I also joined other communities when I entered college that were major contributors to my success as a student. CU Denver’s University Honors and Leadership program (UHL) is one that is also dedicated to building a community for students. I spent lots of time in their study house, getting advice and help from students who had taken the core classes that I found myself in. The Society of Women Engineers (SWE) provided opportunities to connect to many parts of campus and network with professionals, which I wouldn’t have done on my own. Joining communities and building support systems with them early on was a key feature in my pursuit of an engineering education. 
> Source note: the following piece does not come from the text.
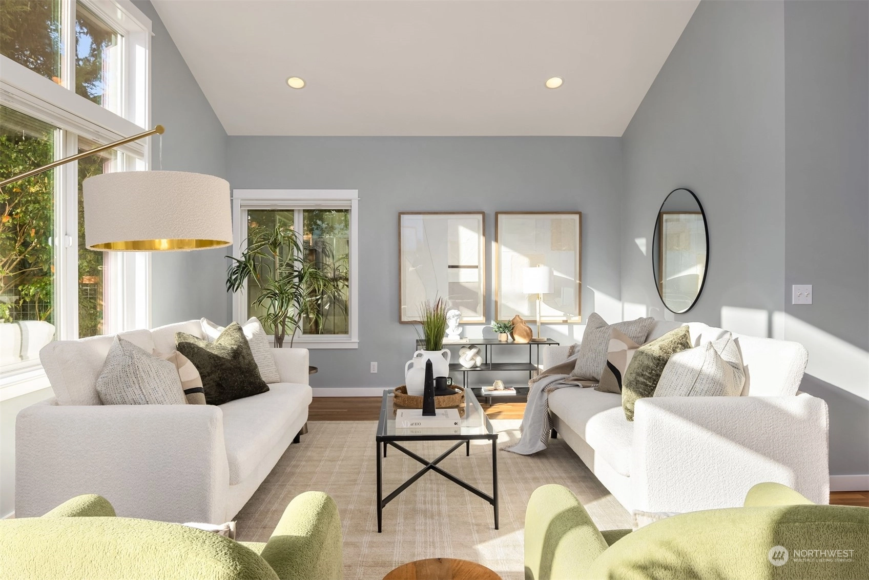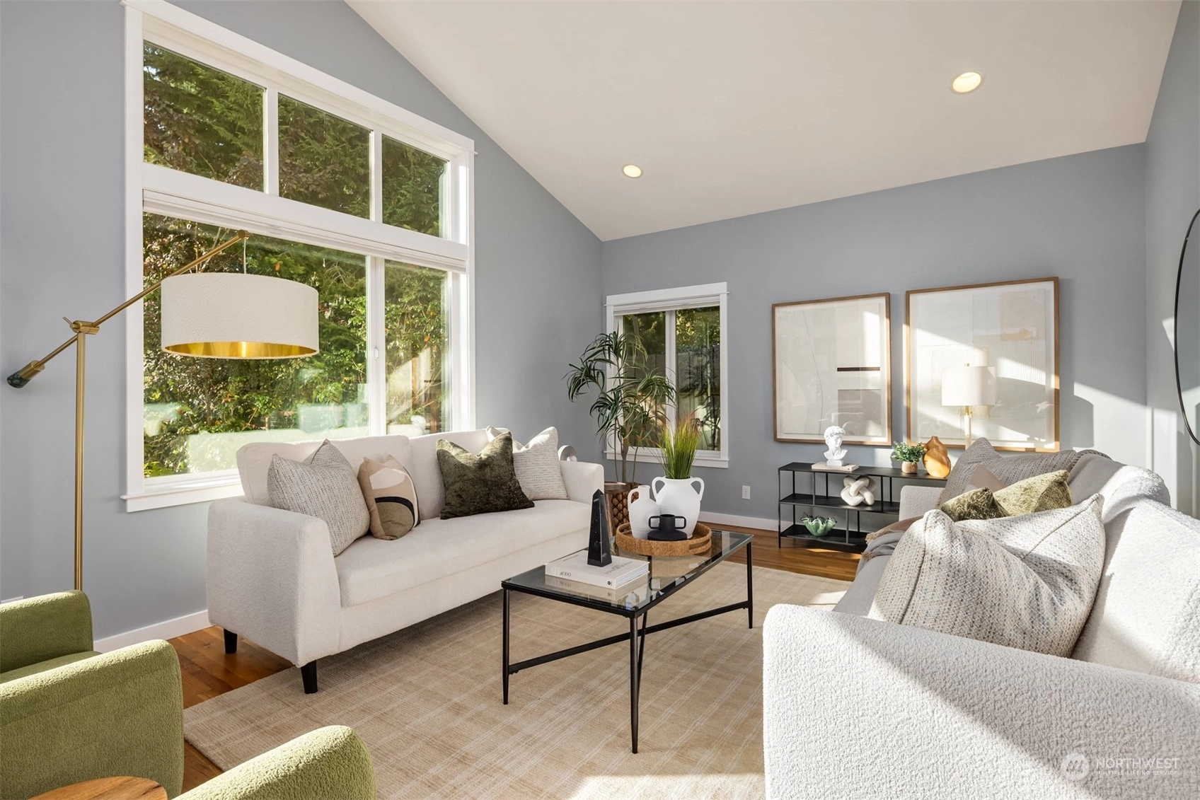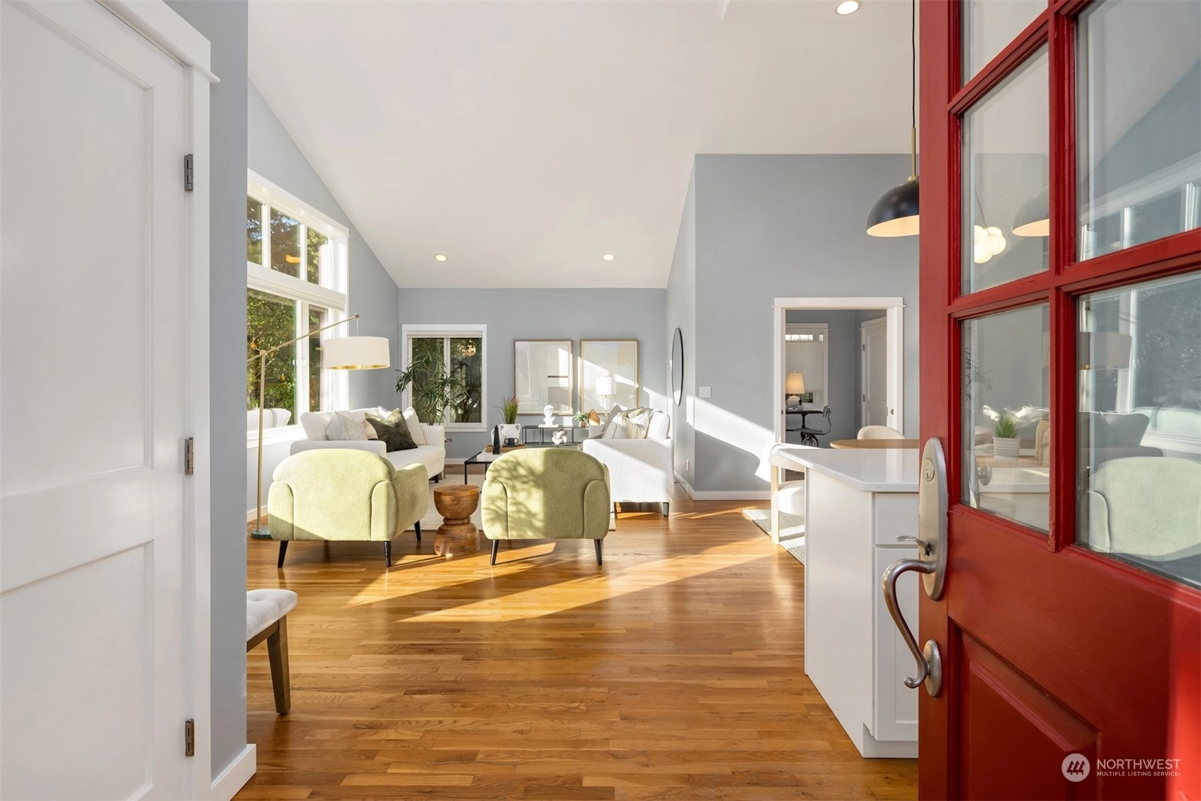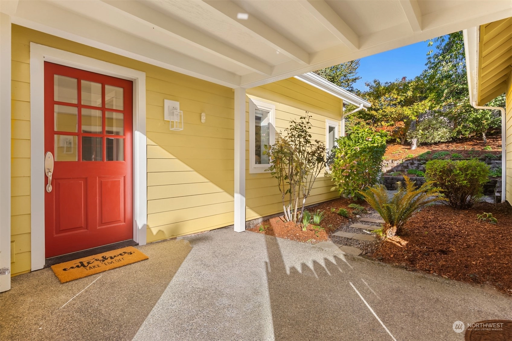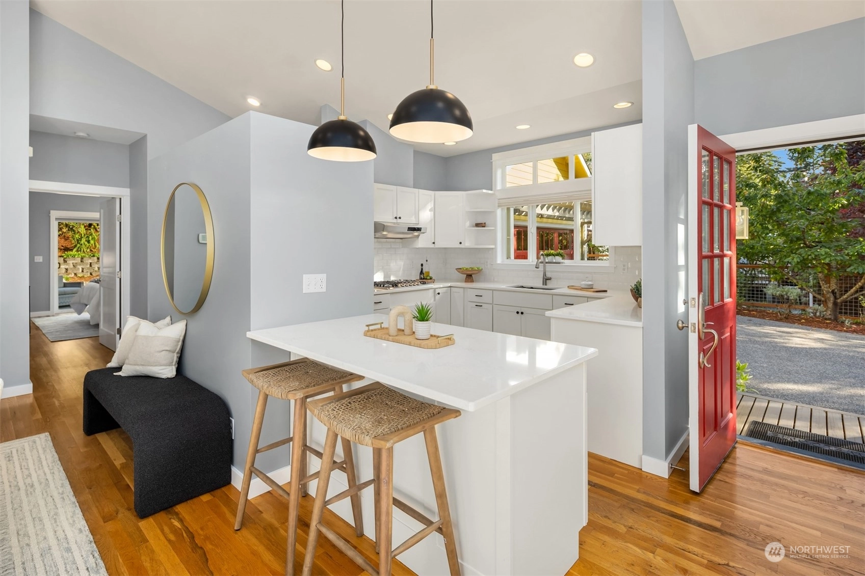 Discover this custom rambler, built in 2005—no steps or stairs! Move-in ready, immaculate home welcomes you w/ warmth. Open the door to a sunlit floor plan w/ soaring ceilings & oversized windows. West-facing big sky views & stunning sunsets + a little peek at the Olympics! The heart of the home is a remodeled kitchen w/ modern appl., bar seating & updated fixtures. Entertaining is easy across hardwoods in open dining & living areas. 3 beds offer flexible use as an office or studio. Outside, enjoy low-maintenance Hardiplank siding, private grounds, a front deck & back patio. An oversized detached garage connects via a covered breezeway. Located on Winslow’s western edge close to parks, trails, beaches & more. Don't miss this charming home!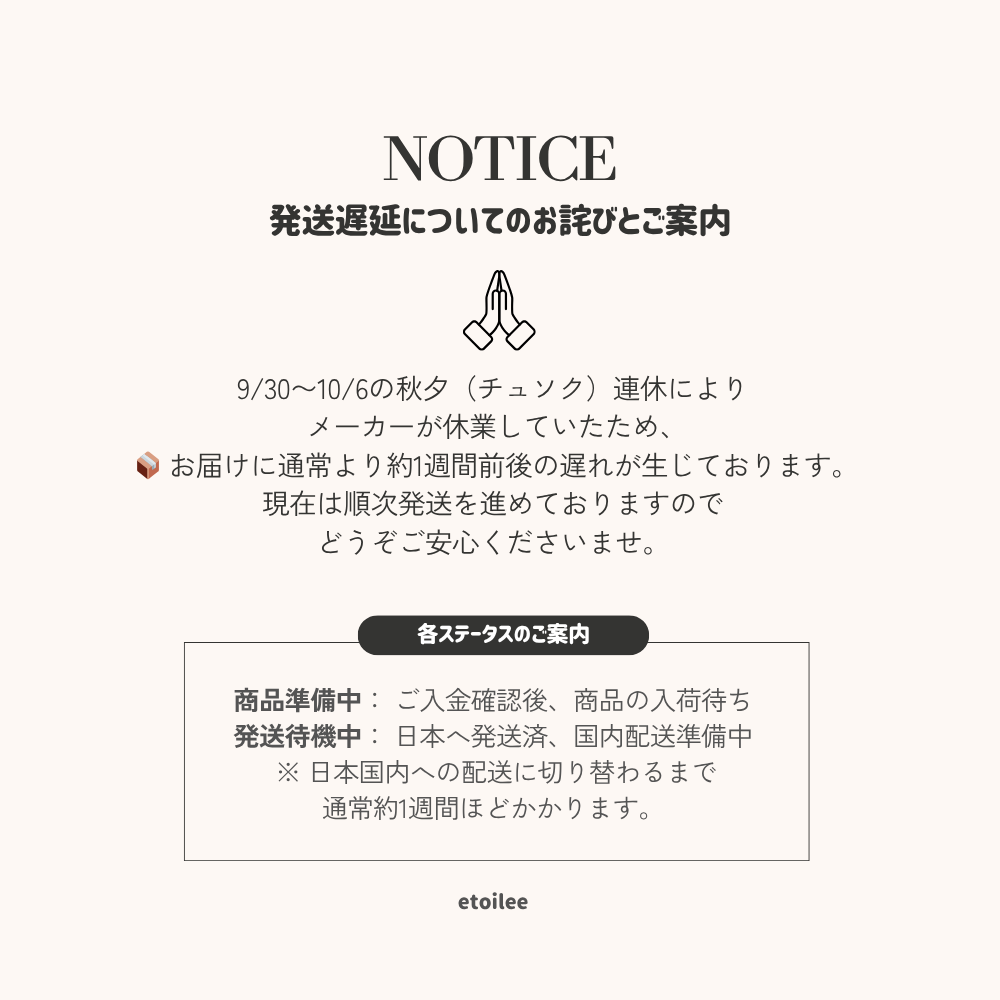 このたび、9月30日〜10月6日の間、海外メーカーが秋夕(チュソク)に伴い休業しておりましたため、

A major shift in my story has been the COVID 19 pandemic. In spring 2020, my second semester of college, there was a dramatic shift into learning in an online format. It came with many technical difficulties (learning to function on Zoom, some teachers giving us radio silence, studying in a new space full-time), but one of the biggest hardships was no longer having immediate access to community. Before the pandemic, I would sit for hours and write papers in the UHL house among other students. I could talk to people before classes and bond with them on campus. It’s little things in the environment of a school that make you feel like a student that simply disappeared when we went online. After the pandemic, I had to adjust to learning alone at my desk, all the time, every day. 

I didn’t have the proximity of my communities anymore, but I still received support from the parts of them I’d attached myself to. The friend groups I made stayed strong in group chats and online study groups. Sinking into depression was a common occurrence for people in the first months of the pandemic, but the calls and online movie nights that I could attend with classmates and friends helped me dissipate the loneliness that weighed on me during lockdown. The faculty who knew me made sure to not leave me stuck in the conditions of the pandemic; one professor even got me a job assisting in her research with the ELC. I’d made connections in my life that made all the difference in pushing through our online semesters. I know people who took gap years from college because online learning felt more like they’d gotten kicked out of school than shifted learning approaches. I stayed in school during 2020 because, despite the physical distance I had from my campus, I’d brought the most important parts with me home. The support I had made all the difference. 

So far, that’s been my engineering story. It feels incomplete since it is still unfolding. The future is still a little uncertain; there’s a chance that we may have to move online again. But I know that whatever happens next in my engineering journey, I will continue to have support from all directions for whatever comes next.